Norden's silent film credits included roles in Baby Hands (1912), For the Mikado (1912), Freddy the Fixer (1916), The Destroyers (1916, also known as Peter God), The Ancient Blood (1916), The Dupe (1916), The Deluded Wife (1916), The Combat (1916), The Dawn of a New Day (1916), Virtuous Wives (1918), and The Mind the Paint Girl (1919).

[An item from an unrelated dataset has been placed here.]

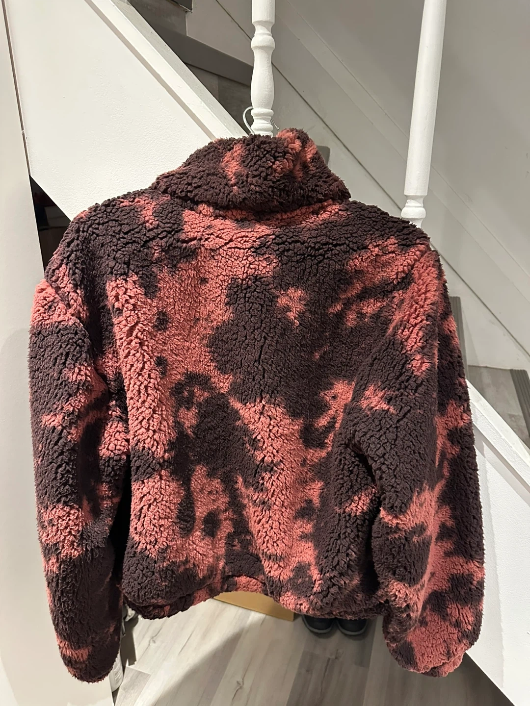 This jacket is a size small and is made of a soft, plush material, perfect for staying warm on chilly days.

=== Clubwork during World War I ===
Norden formed and led a garden club in Brightwaters, Long Island in 1917, to encourage women to grow vegetables and market their produce locally. The "Patriotic Gardeners", as they were known, also gave benefit shows and raised funds for sending comfort kits, candy, cigarettes, and other supplies to Long Island men serving in World War I.

=== Fashion design ===
In 1913, Norden gave an interview on the subject of beauty, predicting that "Soon a rational era will come," when women "will revert to simple clothes, stop daubing their faces with cosmetics ... and use the time thus saved to cultivate heart and mind qualities." While working with director Ralph Ince in 1916, she also designed costumes and headed the wardrobe department at Ince Productions. After she left acting, she began a dress and millinery business with her cousin Martha Schorbach and her sister Olivia Dalton in New York, and was described as a "modiste" in 1928.

== Personal life ==
Violet Dalton married three times. Her first husband was Howard A. Potts; they married in 1898. She married Henry Nickel, in 1906; they divorced in 1928. She married a businessman, Otto Christopher Bubeck, in 1928. She was widowed by 1940, and she died in Los Angeles, California, in 1948, aged 68 years.